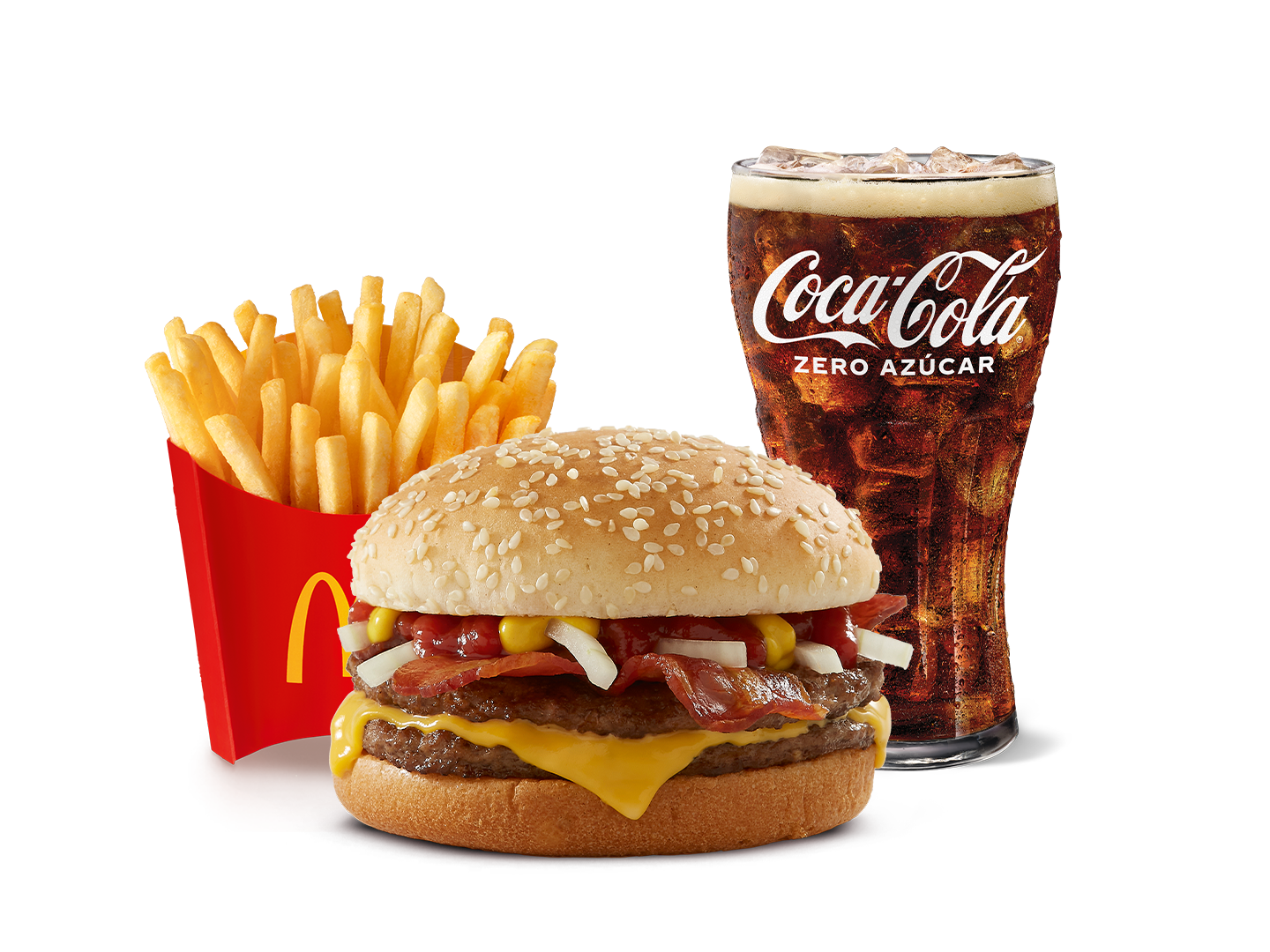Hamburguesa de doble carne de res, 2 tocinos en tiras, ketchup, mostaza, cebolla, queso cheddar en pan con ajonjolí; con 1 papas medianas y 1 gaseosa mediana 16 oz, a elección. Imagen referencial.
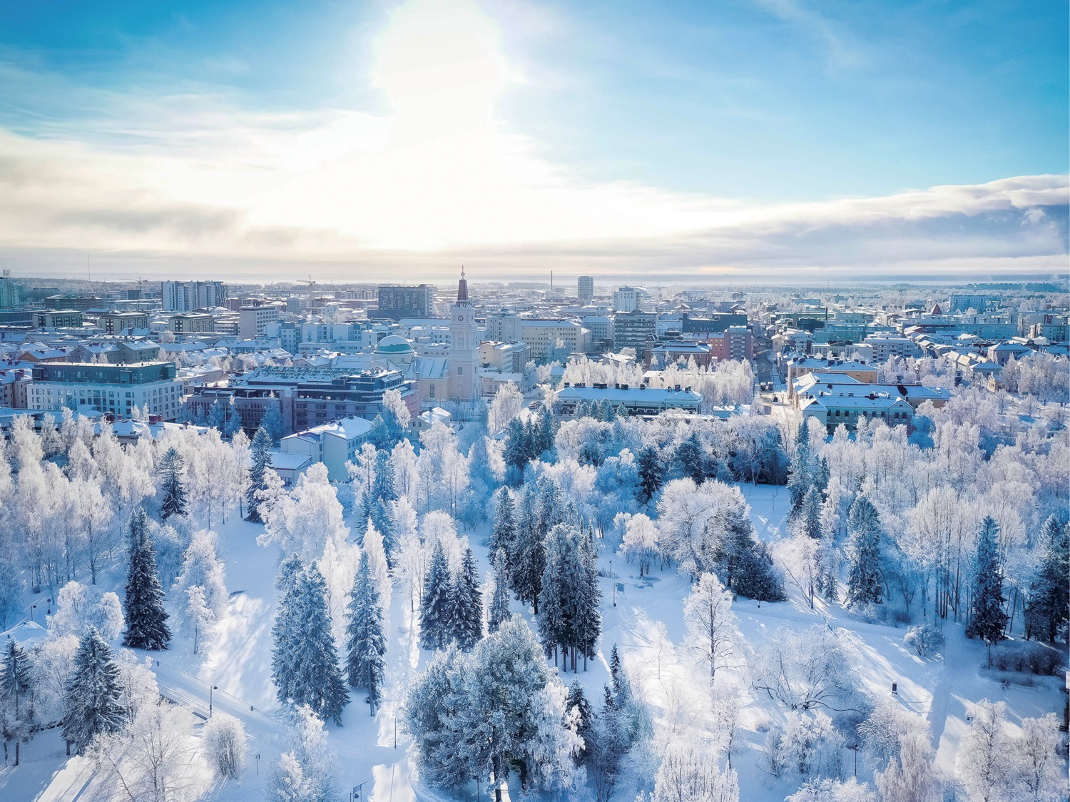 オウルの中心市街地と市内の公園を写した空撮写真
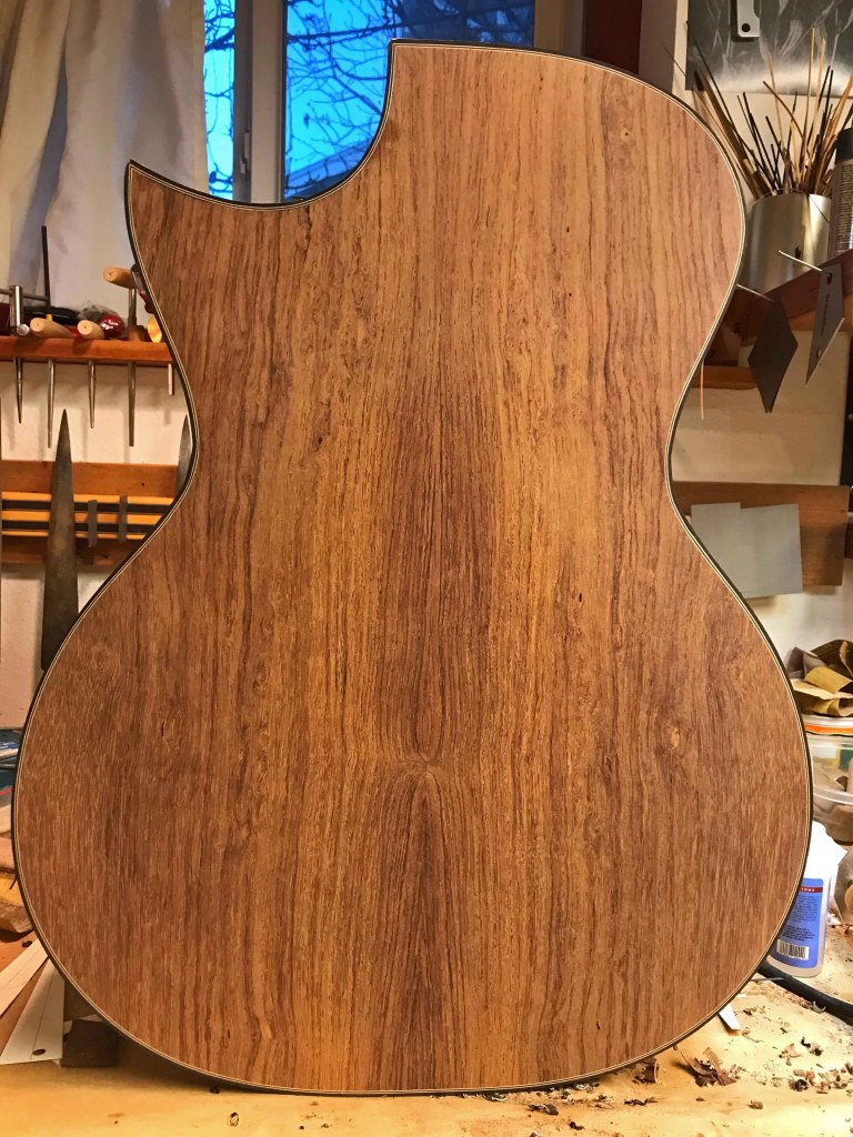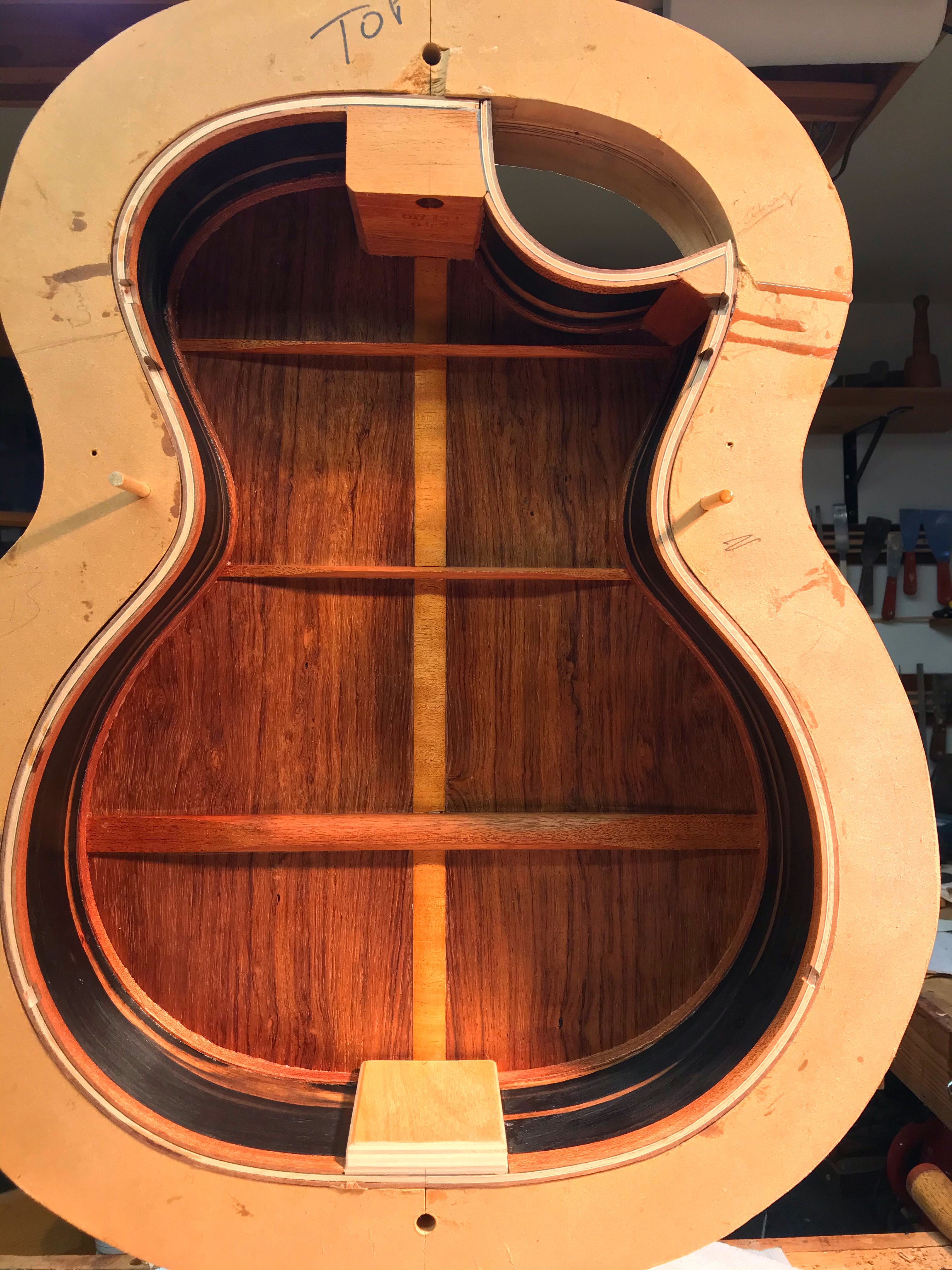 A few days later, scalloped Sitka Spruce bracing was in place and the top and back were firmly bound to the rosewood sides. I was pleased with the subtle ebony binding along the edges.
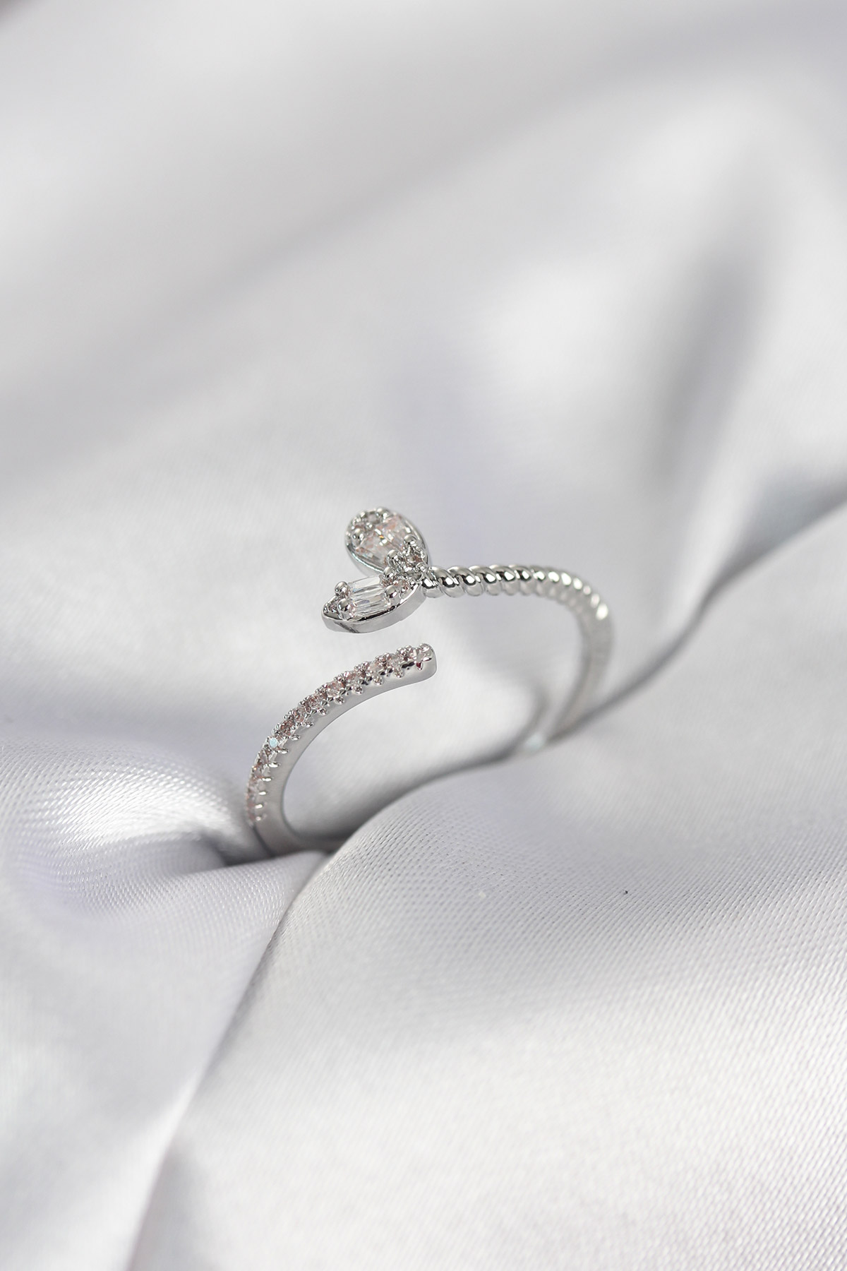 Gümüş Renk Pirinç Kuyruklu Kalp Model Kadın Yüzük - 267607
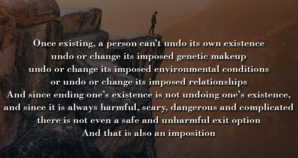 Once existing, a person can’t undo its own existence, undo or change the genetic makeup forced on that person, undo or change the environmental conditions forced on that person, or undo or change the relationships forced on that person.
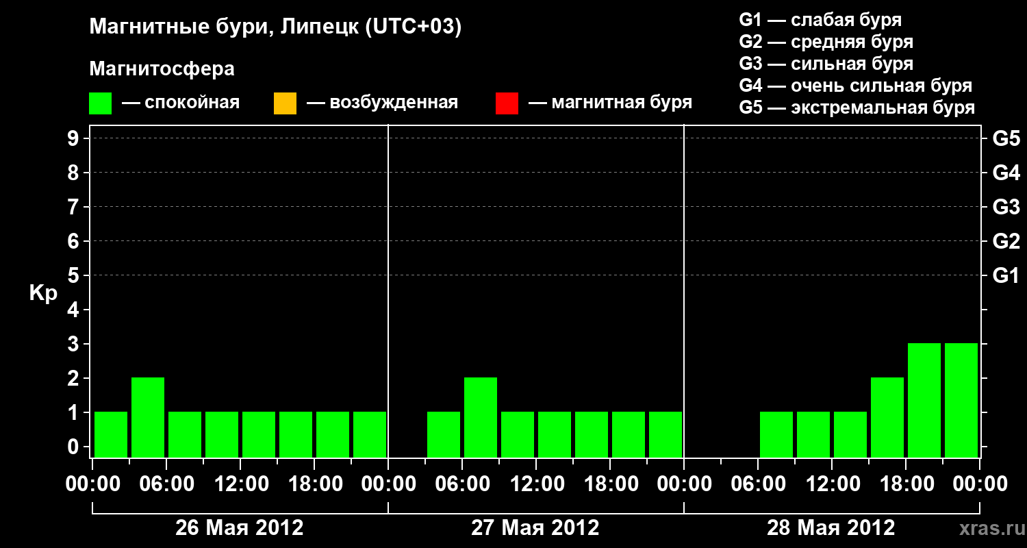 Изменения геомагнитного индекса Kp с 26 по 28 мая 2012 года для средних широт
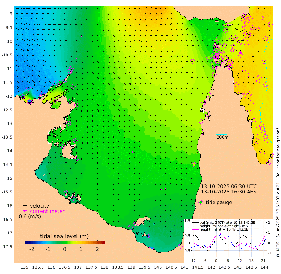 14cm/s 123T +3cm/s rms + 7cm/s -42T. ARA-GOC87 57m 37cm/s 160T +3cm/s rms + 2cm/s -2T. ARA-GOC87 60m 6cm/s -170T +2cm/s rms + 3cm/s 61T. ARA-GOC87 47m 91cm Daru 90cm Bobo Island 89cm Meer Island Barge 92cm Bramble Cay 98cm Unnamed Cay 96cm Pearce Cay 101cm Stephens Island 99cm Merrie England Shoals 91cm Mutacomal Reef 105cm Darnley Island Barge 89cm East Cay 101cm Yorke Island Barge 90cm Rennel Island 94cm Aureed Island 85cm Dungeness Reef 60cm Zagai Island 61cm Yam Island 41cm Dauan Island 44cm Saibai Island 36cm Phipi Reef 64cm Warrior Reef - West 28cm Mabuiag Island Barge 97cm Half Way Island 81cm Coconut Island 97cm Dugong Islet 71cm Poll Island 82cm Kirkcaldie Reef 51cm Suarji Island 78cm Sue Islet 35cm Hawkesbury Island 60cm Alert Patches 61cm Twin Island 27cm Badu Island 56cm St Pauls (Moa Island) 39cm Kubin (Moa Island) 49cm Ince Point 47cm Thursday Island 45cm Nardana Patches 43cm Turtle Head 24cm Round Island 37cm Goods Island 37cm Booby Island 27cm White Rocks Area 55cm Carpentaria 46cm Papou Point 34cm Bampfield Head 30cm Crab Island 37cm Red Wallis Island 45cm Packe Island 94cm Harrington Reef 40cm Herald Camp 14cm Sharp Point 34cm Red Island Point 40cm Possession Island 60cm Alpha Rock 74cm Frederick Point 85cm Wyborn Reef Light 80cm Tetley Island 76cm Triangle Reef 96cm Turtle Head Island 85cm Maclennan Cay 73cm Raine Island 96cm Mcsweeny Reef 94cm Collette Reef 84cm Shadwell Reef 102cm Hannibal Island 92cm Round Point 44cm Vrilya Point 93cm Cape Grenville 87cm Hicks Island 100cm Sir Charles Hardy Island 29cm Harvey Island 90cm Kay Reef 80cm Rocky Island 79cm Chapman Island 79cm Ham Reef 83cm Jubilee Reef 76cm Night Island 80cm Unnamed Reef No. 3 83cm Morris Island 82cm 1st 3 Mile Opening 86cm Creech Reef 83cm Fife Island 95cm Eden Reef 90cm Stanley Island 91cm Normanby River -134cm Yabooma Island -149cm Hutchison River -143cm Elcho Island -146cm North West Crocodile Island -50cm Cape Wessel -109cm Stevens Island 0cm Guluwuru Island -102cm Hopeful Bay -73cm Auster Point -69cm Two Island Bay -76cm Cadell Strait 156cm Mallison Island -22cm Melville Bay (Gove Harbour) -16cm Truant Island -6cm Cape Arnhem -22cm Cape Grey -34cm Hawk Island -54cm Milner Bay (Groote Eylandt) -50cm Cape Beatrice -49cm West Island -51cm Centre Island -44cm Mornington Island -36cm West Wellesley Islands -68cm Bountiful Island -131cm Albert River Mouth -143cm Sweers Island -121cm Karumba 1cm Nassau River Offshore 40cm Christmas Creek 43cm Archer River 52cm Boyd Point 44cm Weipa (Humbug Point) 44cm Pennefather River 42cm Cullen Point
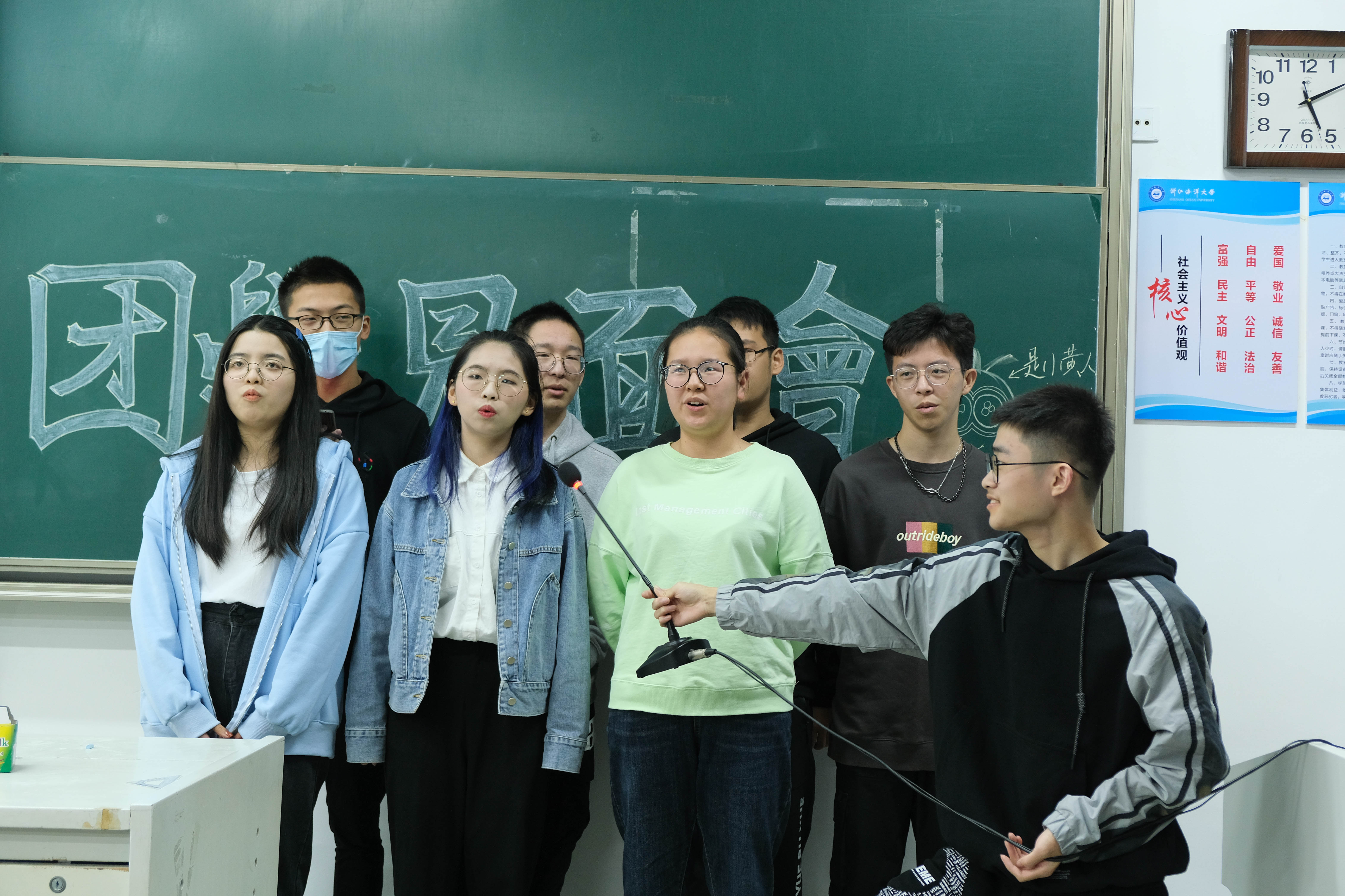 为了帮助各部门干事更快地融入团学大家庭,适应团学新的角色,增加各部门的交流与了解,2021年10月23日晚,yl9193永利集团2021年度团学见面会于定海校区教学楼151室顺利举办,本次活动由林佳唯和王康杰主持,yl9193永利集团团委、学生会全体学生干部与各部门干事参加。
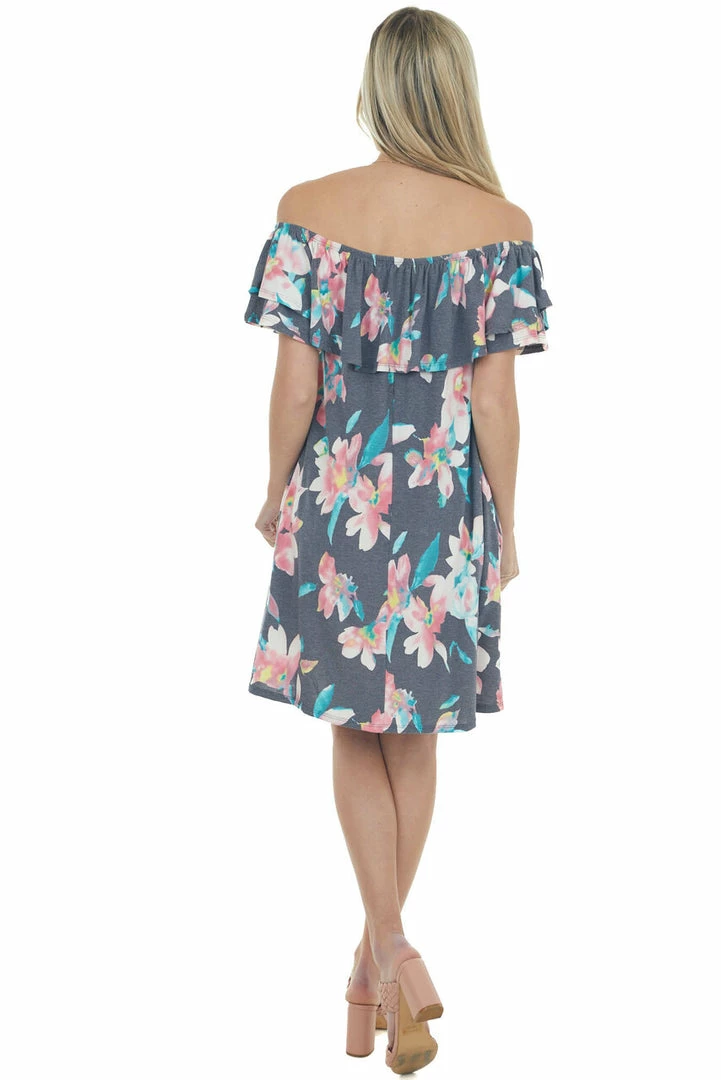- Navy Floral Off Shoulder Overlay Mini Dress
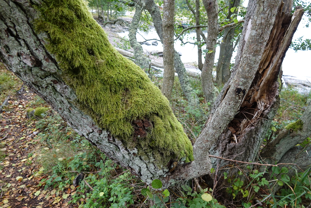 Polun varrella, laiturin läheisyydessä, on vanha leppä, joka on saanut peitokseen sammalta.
....
Write out exactly the lines that run from the one containing "- Navy Floral Off Shoulder Overlay Mini Dress" to the last line of the entries above, both ends kept, pictures left out.

→ EXPECTED OUTPUT
- Navy Floral Off Shoulder Overlay Mini Dress
 Polun varrella, laiturin läheisyydessä, on vanha leppä, joka on saanut peitokseen sammalta.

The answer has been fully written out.